— 127 —
Wambuisknoopen.—Centaurea jacea.
Niet zoo mooi als de Blauwe korenbloem, Centaurea cyanus, maar toch fraai en belangwekkend is deze purperen Centaurea jacea, die evenals een derde soort, de Centaurea nigra, die echter nóg algemeener is, niet tusschen 't koren juist, maar aan wegen en dijken veelvuldig voorkomt.
De bloemhoofdjes bevatten alleen buisbloempjes en door de paarse kleur, die ook bij distels zoo vaak voorkomt, zou men, vooral in 't begin van den bloei, want later staan de buitenste en grootste bloempjes daarvoor te ver naar buiten, de plant voor een van deze kunnen houden. Dit komt ook door dat het omwindsel stekelig lijkt, want de blaadjes daarvan hebben aan hun top eigenaardige gewimperde aanhangseltjes, doch al zijn de langwerpige, oningesneden bladeren een beetje ruw en is de gesleufde stengel stram en stevig, men kan de plant plukken zonder gevaar zich te steken.

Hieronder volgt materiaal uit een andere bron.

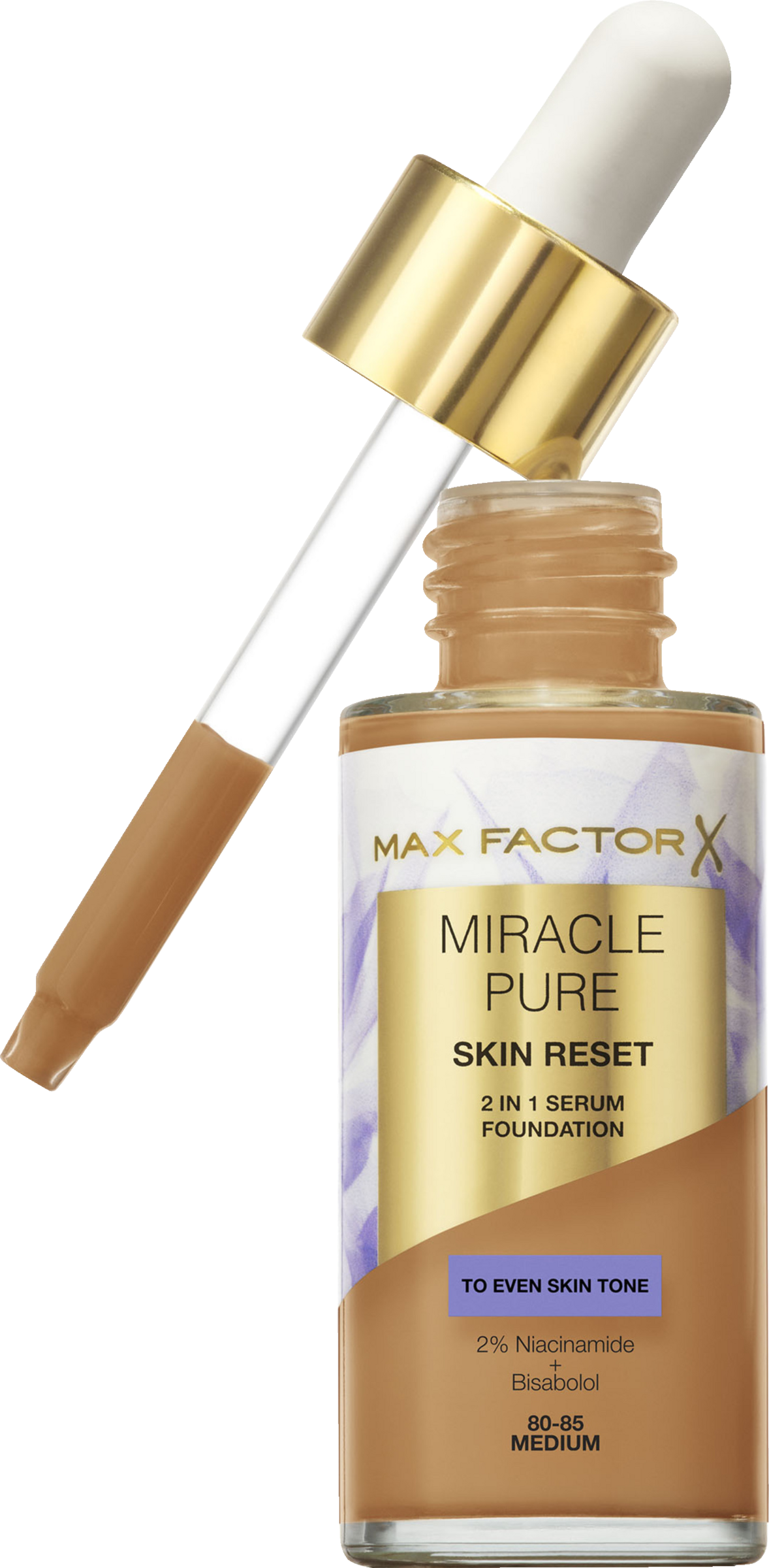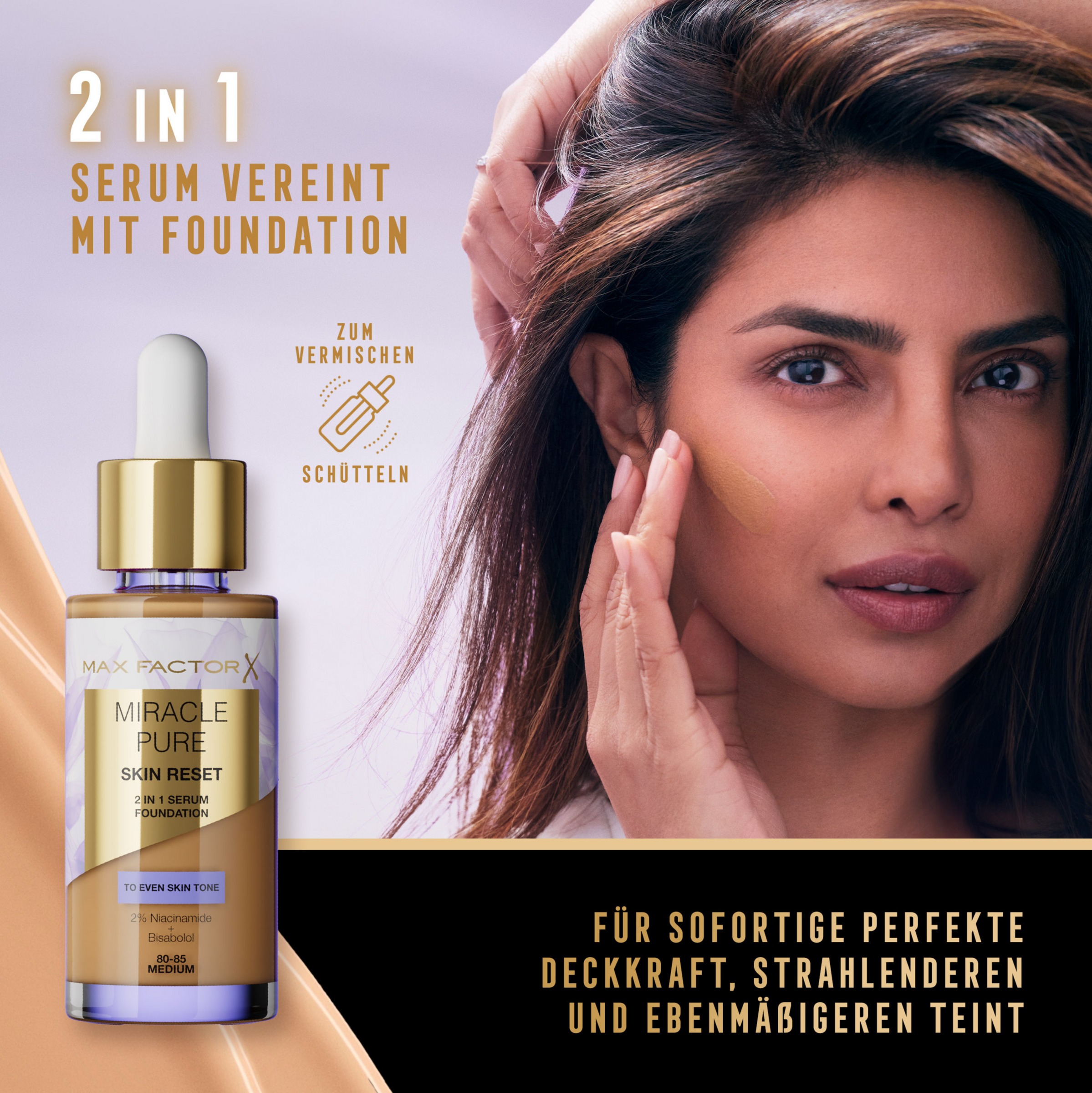 - Max Factor Miracle Pure Skin Reset Foundation: 2-in-1-Serumformel und flüssige Foundation mit ausgleichender Deckkraft, die für ein gleichmäßigeres Hautbild sorgt.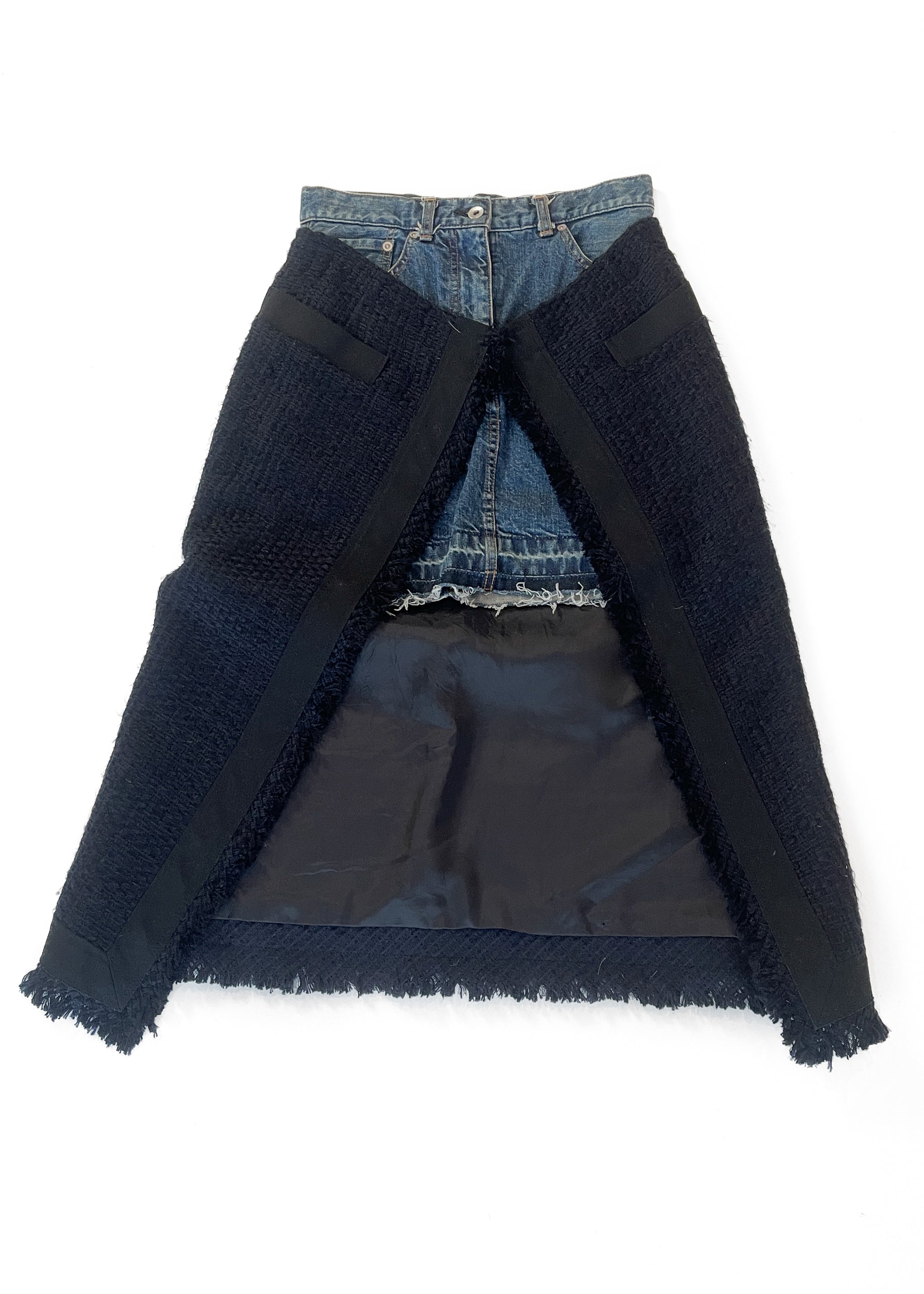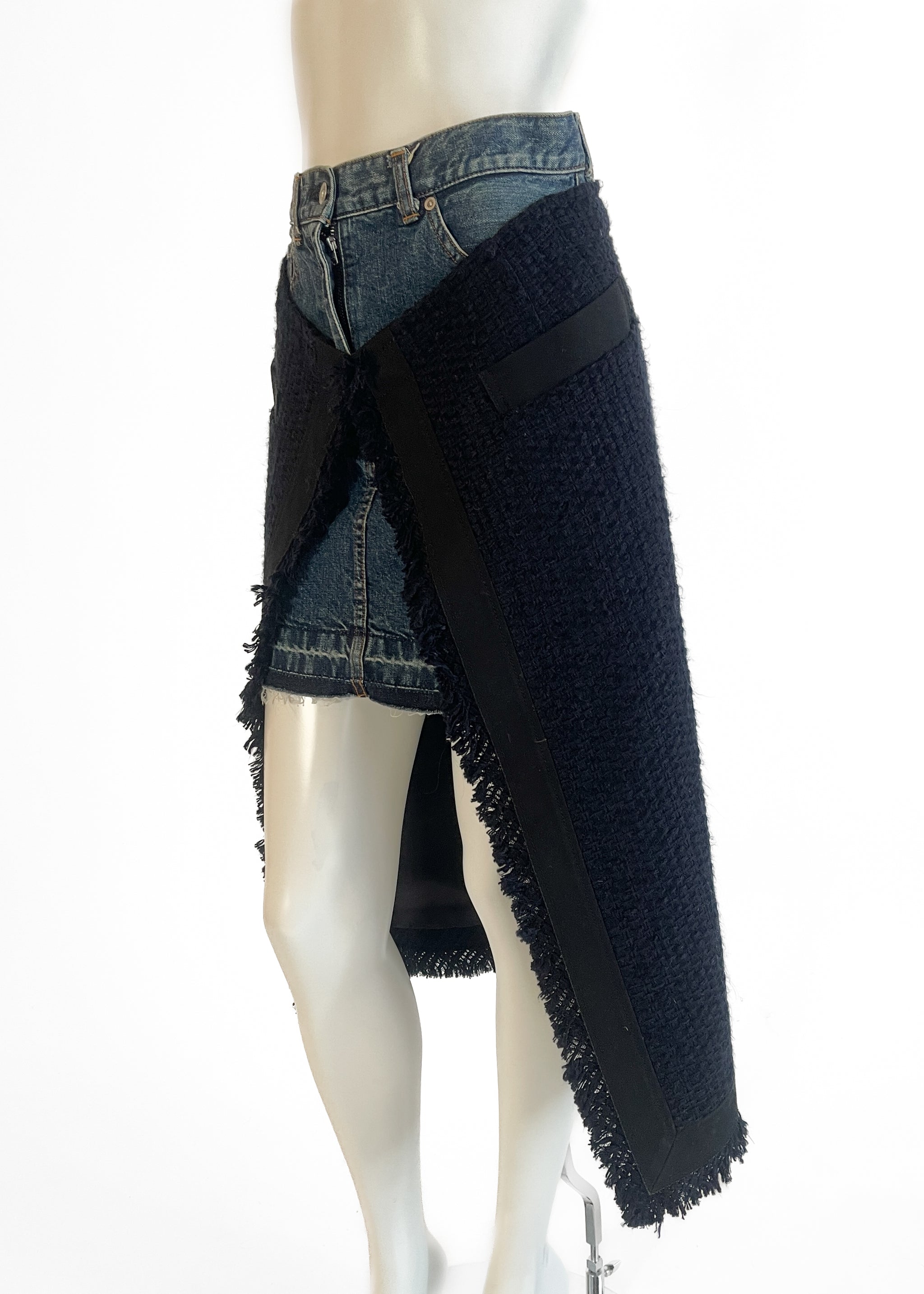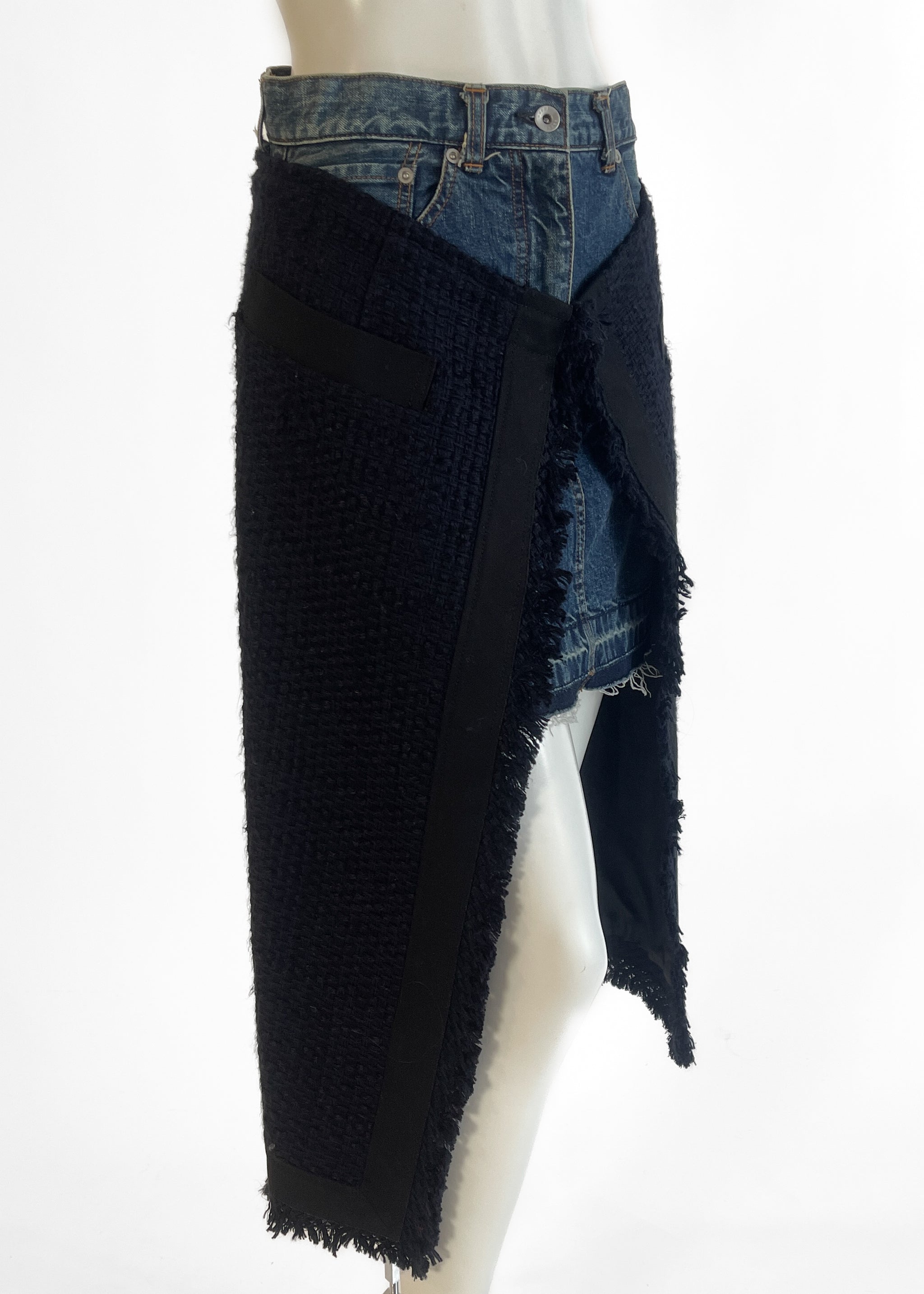 Slightly distressed denim mini skirt with a black wool tweed panel overskirt. Made in Japan. Original retail price $1075.DETAILSLabel: SacaiCirca: 2019Condition: Overall excellent. The skirt shows light, normal wear with no issues to note. MEASUREMENTS: Waist: 28"Hips: 36"Length: 17" shortest ; 34 longestMarked size 1

De bloemhoofdjes maken, zelfs als zij nog knop zijn of reeds zijn uitgebloeid, en dan de gladde geheel van vruchtpluis verstoken vruchtjes tusschen de lange strooschubben bevatten, een aangenamen indruk, en elk bloempje afzonderlijk niet minder, met zijn vrij lange 5-spletige purperen kroon, waarboven de buis der 5 aaneengegroeide helmknoppen uitsteekt, terwijl daaruit weer de stempel te voorschijn komt, van buiten meest bepoederd door het uit die helmknoppen meegenomen stuifmeel. Een prikkelbaarheid der helmdraden, zoodat ze zich bij insectenbezoek of als gij er met uw pincet even aanraakt, samentrekken en de helmknopjes naar beneden doen schuiven, als bij Centaurea cyanus, hebben wij bij C. jacea niet opgemerkt, evenmin als bij C. nigra.
Deze laatste verschilt van de hier afgebeelde soort slechts zeer weinig en wordt er niet zelden mee verward. Het eenige kenmerkende verschil, waarop te bouwen valt, schijnt te zijn dat bij deze een duidelijk ofschoon zeer kort vruchtpluis te zien is, wat, zooals gezegd, bij C. jacea geheel ontbreekt.